>>>
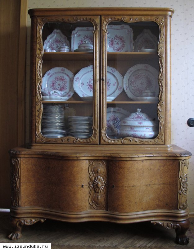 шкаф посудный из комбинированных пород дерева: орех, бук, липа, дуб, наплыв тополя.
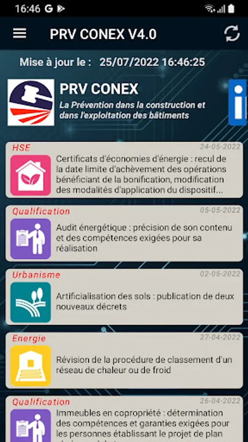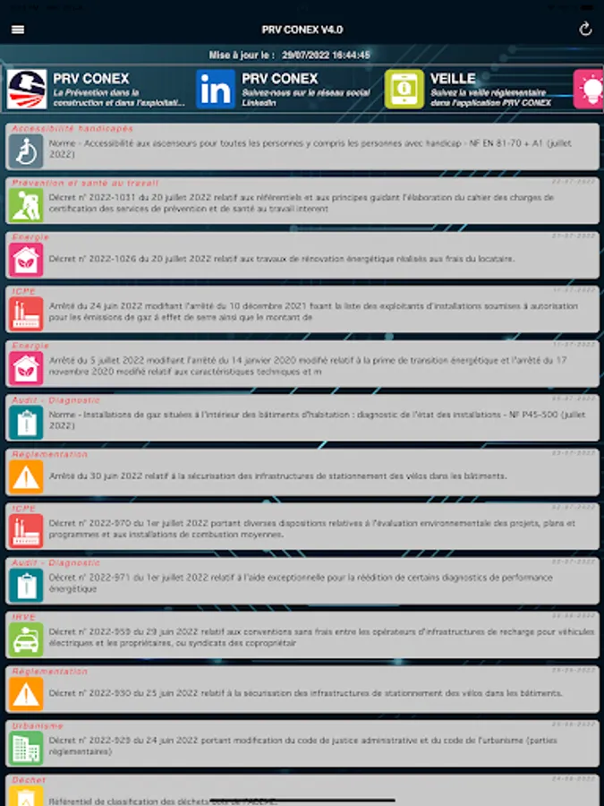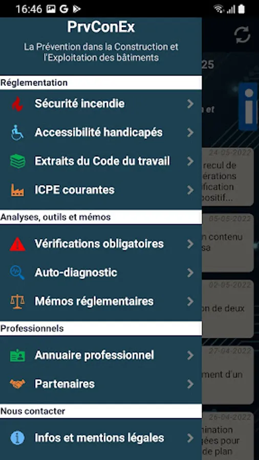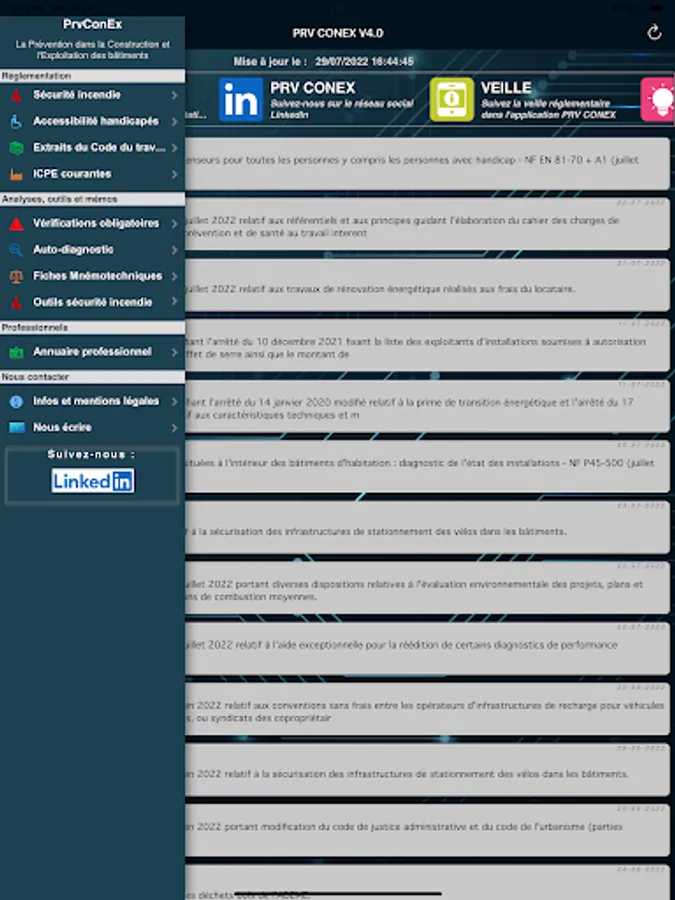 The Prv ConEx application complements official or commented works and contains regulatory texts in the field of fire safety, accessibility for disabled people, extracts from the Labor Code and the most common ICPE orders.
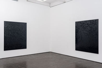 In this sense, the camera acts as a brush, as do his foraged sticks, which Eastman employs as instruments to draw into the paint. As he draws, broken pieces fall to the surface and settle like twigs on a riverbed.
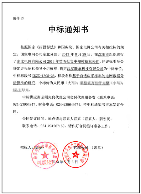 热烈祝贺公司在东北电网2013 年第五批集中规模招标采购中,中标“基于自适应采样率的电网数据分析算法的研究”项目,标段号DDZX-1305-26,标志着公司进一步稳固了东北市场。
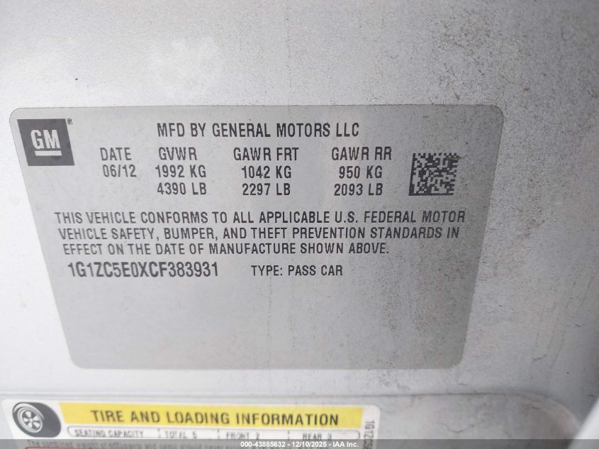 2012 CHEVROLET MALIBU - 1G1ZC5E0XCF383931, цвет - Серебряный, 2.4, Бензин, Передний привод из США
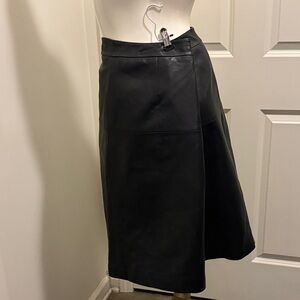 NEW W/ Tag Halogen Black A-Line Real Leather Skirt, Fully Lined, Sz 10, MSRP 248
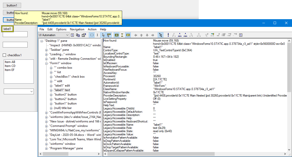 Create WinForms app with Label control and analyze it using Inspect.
<<<
__Problem__
Without the pictures, please reproduce each line of the listing above exactly, from the first one through the line bearing "The Prv ConEx".

__Finished exercise__
 шкаф посудный из комбинированных пород дерева: орех, бук, липа, дуб, наплыв тополя.
 The Prv ConEx application complements official or commented works and contains regulatory texts in the field of fire safety, accessibility for disabled people, extracts from the Labor Code and the most common ICPE orders.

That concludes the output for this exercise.